В тридцать четвертом он узнал, что нового ее мужика посадили. Выждав две недели, съездил в Воронеж, вызнал адрес, сутки караулил, пока встретил на улице. Софья шла в платке, в плохоньком пальтишке, лица на ней не было. Увидев его, ничего не сказала, он и не стал приставать. Вернулся в Тамбов, а ей послал треугольничек, где черным по белому было прописано, что он, ее законный муж Алексей Кузьмич Терентьев, всегда готов ее принять с дитем, как они в законе и никто их не разводил, и что обещается к дитю относиться как отец, а вину ее прощает.
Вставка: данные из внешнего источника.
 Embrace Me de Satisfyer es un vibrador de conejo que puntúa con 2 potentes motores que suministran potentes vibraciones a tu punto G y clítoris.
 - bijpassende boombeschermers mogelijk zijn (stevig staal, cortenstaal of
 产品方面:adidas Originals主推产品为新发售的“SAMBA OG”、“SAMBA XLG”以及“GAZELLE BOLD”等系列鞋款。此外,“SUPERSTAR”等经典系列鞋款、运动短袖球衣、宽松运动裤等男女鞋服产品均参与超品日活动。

Через месяц, когда уже перестал ждать, она приехала. Была тихая, робкая, худая. Ребенок был маленький, плакал по ночам, просил грудь. Пошла новая жизнь. Однажды, напившись, приступил к ней: «Скажи хоть, за что бросила? Скажи, ну?»
Она ничего не ответила.
— Мало тебе тут добра? — спросил он, поведя рукой по комнате.— Чего не хватает?
— Это — добро? — усмехалась Сонька,—Тёмный ты, Алексей Кузьмич. Мир весь перед тобой лежит, а ты и не видишь.
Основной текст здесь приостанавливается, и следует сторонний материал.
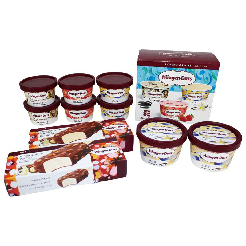 ミニカップ(バニラ)110ml・バー(バニラチョコレートマカデミア)80ml×各2、ラバーズアソート(バニラ・ストロベリー・クッキー&クリーム各70ml×2)×1 ■アレルギー:卵・乳・小麦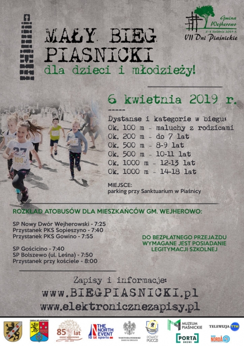 Wcześniej rozegrane zostaną imprezy biegowe dla dzieci, młodzieży i dorosłych. Biuro zawodów XI Biegu Piaśnickiego znajdować się będzie na parkingu przy Sanktuarium w Piaśnicy i czynne będzie od godziny 8:00. Po rejestracji i odebraniu pakietów startowych uczestnicy biegu głównego na dystansie 10 km zostaną przewiezieni na miejsce startu, pod Bramę Piaśnicką w Wejherowie przy ul. Ofiar Piaśnicy. Start nastąpi o 10:30. Biegi dla dzieci i młodzieży rozpoczną się około godziny 9:00. Miejscem startu będzie parking leśny w Piaśnicy.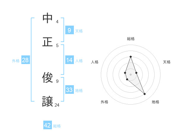 中正 俊譲さんを姓名の画数から五運を鑑定

С тех пор, напиваясь, он бил жену, а утром каялся, молил, чтоб не бросала.
Вышел ее миленок, и Софья вернулась к нему. Тогда Алеха и уехал в Сибирь. Об одном только и думал: достатка его для нее было мало. Да и понятное дело: купецкая дочь. Тот, кто был начальником, опять в начальство выбьется, хоть и сидел. Значит, должен Алеха переплюнуть его своим новым богатством, переплюнуть настолько, чтобы Софья поняла, кого бросила.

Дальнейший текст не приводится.